I don't think that relying on TLS conflicts with this. High-level TLS support is now present in the standard libraries for Python and Go. I am sympathetic to developers who like to avoid third-party dependencies at all costs (VF-1 only "softly" depends on chardet), but not using the *standard library* of your language doesn't make a lot of sense. Here's how to do a TLS connection in Python 3, assuming the variable `s` is a regular TCP socket, already connected, of exactly the kind you'd need to construct if Gemini didn't depend on tls:

import ssl

context = ssl.create_default_context()
s = context.wrap_socket(s)

It's three additional lines of code. Yes, this uses all the default settings and you are trusting the Python standard library developers to have chosen sane and secure defaults. Even if you think you know better than them and want to manually specify some things, you're not talking about more than 10 lines of code total in all likelihood. Python might be ahead of the game here (I honestly don't know), and this might be trickier in other languages, but I strongly suspect it's only going to get easier, on average, over time. Hopefully it will also get easier to link these languages against OpenBSD's LibreSSL instead of OpenSSL, so that the amount of code and the complexity of code this pulls in will decrease..

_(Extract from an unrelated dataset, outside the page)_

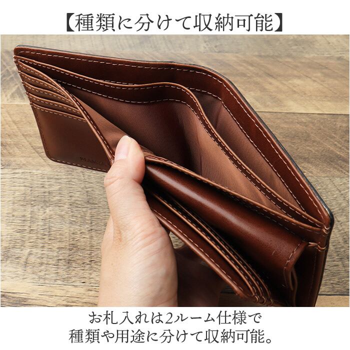 ・お札入れは2ルーム仕様で種類や用途に分けて収納可能。

I completely understand the decreased feeling of satisfaction and self-sufficiency that comes from having critical functionality provided by a large chunk of complex code that you didn't write yourself. Though, let's be honest with ourselves - gopher clients which don't have to worry about TLS are still sitting atop the OSes TCP/IP stack, DNS library, filesystem and a bunch of other stuff that the average person has no hope of implementing well in a weekend. I don't see that relying on your programming language's standard library is cheating any more than relying on your operating system is.

I'd love a simpler, lighter alternative, but realistically I don't see any which is going to do the job. Rolling your own crypto is fraught with peril. SSL libraries may be large and complex, but they exist in just about any language and they are used and tested by a lot of people, many of whom know more about what they are doing than the average developer who might implement Gemini. Anything else is almost guaranteed to be less portable and less well vetted. I'm open to concrete suggestions if anybody has them, but for now I still think TLS is our best bet.